The second solution would be term limits. If states were to impose limits on their federal representation along the lines of "we the people of this state feel those who have been in office too long become preoccupied with reelection and, thus, fail in their duties as representatives" before limiting them to two terms, that would be good... in theory. But the Supreme Court crushed that idea in U.S. Term Limits, Inc v. Thornton back in 1995 when they affirmed a state's inability to impose term limits on its own representatives. It was deemed unconstitutional, a violation of the framework the Founding Fathers sought to preserve, namely that people should be free to elect whom they desire.9 And the last time Congress voted on term limits back in 2012, the Senate rejected it 24-75.

Thus we are back to square one. What can we do? Besides a Constitutional amendment, the answer seems to be... not much. The influence on government is too great. Special interest and lobbyists maintain a firm hold on matters at hand to the point where both parties are willing to work together to maintain their political clout, defying the will of the people. Until a more clever man than I can figure out how to skirt the First Amendment with campaign finance reform or until we can get a Constitutional amendment in place, there seems only one method to lessen the influence of money in politics.

Increase transparency, increase competition, and address the lobby problem plaguing our nation.

 

(1) Citizens United v. Federal Election Commission

(2) McCutcheon v. Federal Election Commission, section IV (A) citing Citizens United, 558 U. S. at 359, which cites Federal Election Commission v. National Conservative Political Action Commission, 470 U.S., at 497, 105 S.Ct. 1459.

(3) Ibid.

(4) Citizens United v. Federal Election Commission citing McConnell v. Federal Election Commission at 297. What’s interesting is the McConnell decision from 2003 upheld the constitutionality of the Bipartisan Campaign Reform Act of 2002 (BCRA), which sought to curb soliciting and spending by national political party committees along with prohibiting the use of corporate funds to pay for broadcast ads clearly identifying a federal candidate within 30 days of a primary or 60 days of a general election. It’s also responsible for requiring candidates to claim responsibility for any campaign advertisement with the typical “I approve this message” quote. Less than 10 years later, the Supreme Court overturned a chunk of it through the Citizens United decision.

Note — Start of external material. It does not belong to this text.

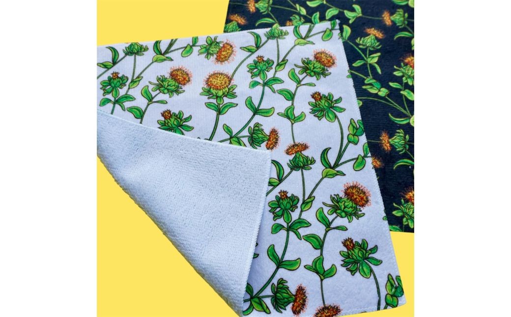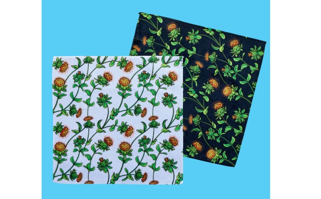 「べに花の郷桶川市」にちなんだ、べに花のデザイン。毎日使いに嬉しいハンドタオル ハンドタオル べに花柄 2枚セット | ハンカチ ミニタオル 日本製 タオル セット 白 黒 花柄 おしゃれ かわいい 紅花 べにばな 紅花 雑貨 日用品 生活用品 国産 手拭き ミニタオル 贈り物 プチギフト プレゼント ロックスデザイン ROX design 埼玉県 桶川市

(5) OpenSecrets.org, Lobbying Database. Not only can you see totals spent in lobbying from 1998 through the present, but also parse the data by group, firm, industry, etc.

(6) OpenSecrets.org, The Shadow Money Trail. Discussion of many shadow/dark money happenings can be found in this section of the website.

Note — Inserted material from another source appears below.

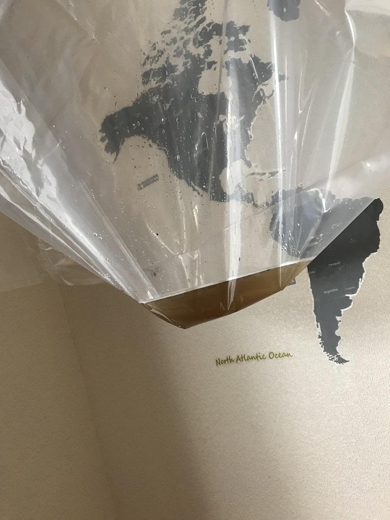 洗浄水をかけると養生のビニール袋にはご覧の様な汚れが…

(7) Auble, Dan, Waning Influence? Part 1: Tracking the Unlobbyist. The article speculates that forcing increased registration may have the opposite effect of driving lobbyists and special interests into more subtle or covert methods of doing business with government. While the legality may be questionable due to specific legalese of the Lobbying Disclosure Act (LDA) and other Acts, the morality of “hiding” such methods from the American people should be called into question, in my opinion.

(8) A fun exercise is to check out the latest federal budget from the U.S. Government Publishing Office at www.gpo.gov, review the outlays for a particular function or sub-function of the federal government, and then compare that to the amount of money spent on the elections. For example, the $6+ billion spent on campaigns in 2012 was more than the 2014 budget for general government legislative functions ($3.7 billion).

(9) U.S. Term Limits, Inc. v. Thornton.